5th Jul 2021
In the next instalment of our Digital Twin explainer series, Ruggiero Guida, Associate Director & Chief Product Manager here at IES, explains the importance of considering the use case of your digital twin and ensuring it is fit for purpose.
The digital twin concept has garnered serious attention in recent years and the use of such technology is predicted to continue to grow rapidly over the coming years. As a result, the market has been flooded with providers claiming to offer their own digital twin solutions to a variety of ends. But how useful are they really? And how can prospective users cut through the babble of digital twin marketing speak to make sure they get the right technology that will be of true value to them?
This is why in this explainer I wanted to focus on the Digital Twin Use Case and the importance of ensuring you have a clear plan of what you want to get out of the technology before embarking on your Digital Twin journey. At IES, we focus on providing digital twin solutions specifically for the built environment, so here I will be referring specifically to digital twins in this context and, mostly, buildings with their associated systems.
In several implementations of digital twins for the built environment there is often too much focus on 3D visualisation. A lot of effort is employed to create very realistic, very appealing, virtual models. Although the visual aspect can be important in some contexts, such architectural rendering, I believe it is mainly aesthetic, it is not fundamental and other key aspects of the digital twin are more important.
The main point of a digital twin is that it should be useful and fit for purpose, that it has a goal and that it helps its users to achieve a goal: for example, improving a product, making a prediction or simply exposing characteristics of the physical asset that are not immediately visible.
A famous quote from the British statistician George Box says: “all models are wrong, but some are useful”. This aphorism is certainly true for the digital twin as well. The only way to perfectly replicate reality would be to build a model that is so complex that it would be probably impossible to manage. The objective, when building or defining a digital twin, should be to hone in on those ‘features’ of the digital asset that are useful for the analysis at hand.
If the purpose is to build a digital twin of a portfolio of buildings and the goal is to decarbonise the portfolio, to reduce costs and the only information available is data from sensors, IoT devices, smart meters then a digital twin can be built that uses only this information and the visual component can be safely ignored.
Of course, there is always room for improvement when dealing with such a complex model; data about the environment such as weather from a nearby weather station or relevant data from other web services can always be used to enrich the digital twin.
If the purpose of the digital twin is, for example, to design a new building, then of course we need a much more detailed representation of the building geometry, building systems and surroundings. But this would be a different use case. Both cases would be examples of digital twins, but they would have a different purpose.
Even the connection to real time data from the original asset is an optional aspect in this context. If the building does not exist yet, no data would be available. Nevertheless, a digital twin based on physics-based simulations rooted firmly in building science still allows architects and engineers to make predictions, analyse options and make decisions with a high degree of confidence.

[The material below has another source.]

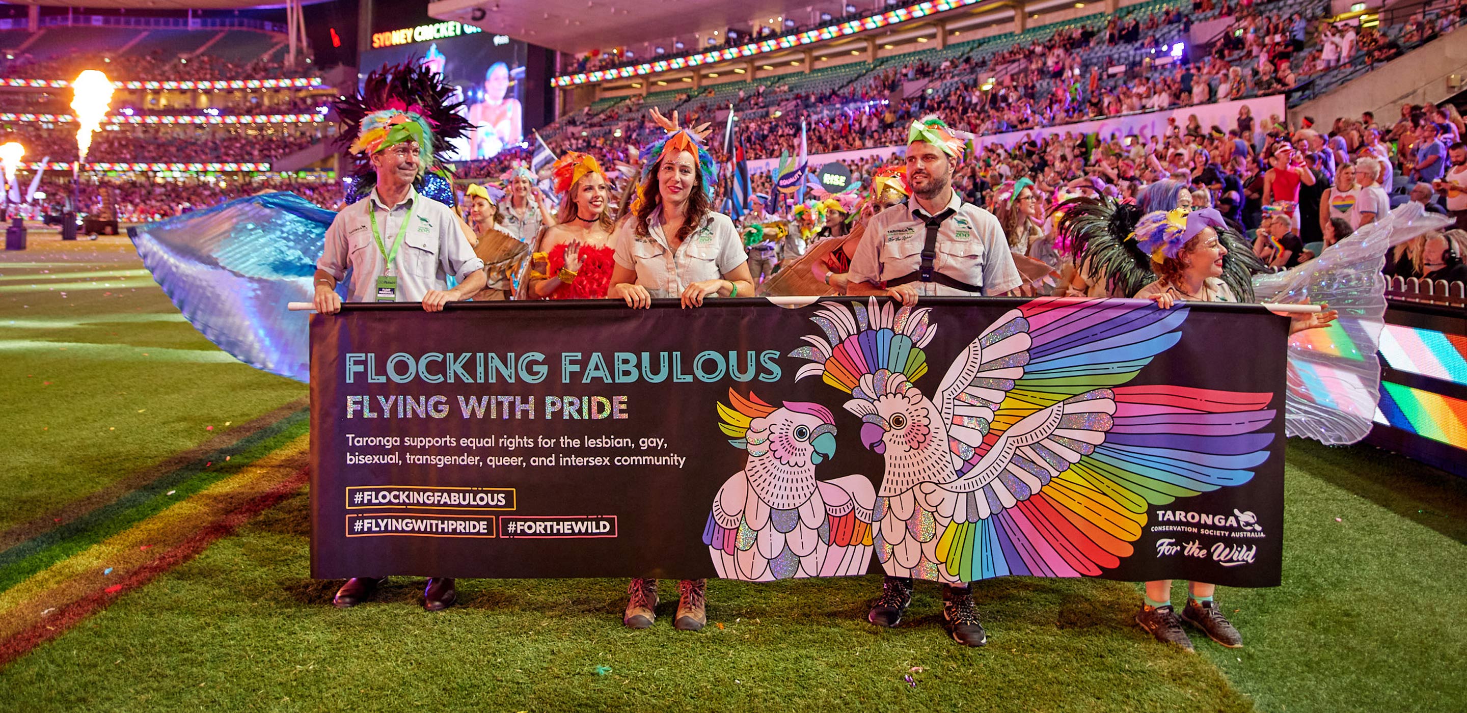 After countless afternoon rehearsals, copious hours of vigorous arts and crafts, and a whole lot of biodegradable glitter Taronga’s rainbow flock was ready to join the 5000 plus participants for an electrifying performance at renowned SCG in Moore Park.

At IES, our ICL Digital Twin technology covers a number of use cases within the context of built environments varying in terms of their scale and purpose. This covers everything from:
All of the tools can be adapted and applied according to the specific use case and objectives of the user to unlock true value aligned to their specific objectives.
So, when selecting your Digital Twin, make sure you have a clear vision for what you want to achieve and remember that the most important aspect is the quality of data underpinning your digital twin and how your chosen solution can convert this data to information to provide the insights you need to realise your goals.